Published: July 28th, 2015

Picture
In addition to writing, Lauren K. Carlson raises goats and chickens on her family’s hobby farm in rural Dawson, Minnesota. She holds an M.A. in English from Grand Valley State University. Her work has appeared in Blue Heron Review and Fwriction Review. She was recently awarded a Developing Artist’s Grant for her work in poetry from the Southwest Minnesota Arts Council. For more publication credits see .
Floods Bearing Fertile Fields
Folded like a paper envelope, my slender wrists
I spread open and partway my soul bare. For this
place where two disparate elements crash
brooding lost treasures from the mud,
some dried, some wet, some rotten, some new
some smooth, some sharp, some living, some not--

The rhythm of the inward outward lung breathe,
deep fresh air lake breathe, no salt rings here
breathe, only corn stalk spines fighting surface,
forcing themselves through the bitter stone’s swollen
embrace which is the wind’s impression made force

which is like mountains,
which is the earth crashing into itself,
which is rock-hard waves heaving.
which is land on tide of alien shore--

These waves shore fingers--
these reeds clutch at feet,
remnants all dredging toe,
ankle, shin, wrist.

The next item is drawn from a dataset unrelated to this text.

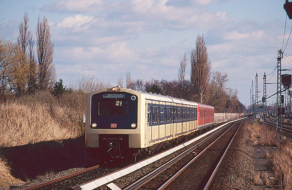 Am 25. März 2004 kommen die 472 560 (260) und 230 vom Bahnhof Mittlerer Landweg in den Bahnhof Billwerder Moorfleet gefahren. Auf dem Foto sieht man mit dem vorderen 472 die klassische Farbgebung der Baureihe 472 in beige/blau, der hintere 472 in rot. Dia 7668-2 FP5 Foto: Lars Brüggemann Interner Vermerk: Dieses Foto ist noch unter einem anderen Dateinamen online. |

Watching
patterns spread out, returning
swirling for fleeting notice:

Scattered between the ends of waves, and the beginnings of dirt I find a
pelican feather, standing straight up like a mast in the flood filled field.
The wind waves its white strands against the currents of hair collected
behind my ear.

Once I had a snow globe at the beach.
I threw it to the waves, and it rode over the undertow
floating like a boat. The bits of soap not snow, eventually
drained out, along with the chemical blue, that fluttered the snow about.

I laughed and loved the figures, as they bled into the sea.
I laughed and loved the figures, as they bled back to me.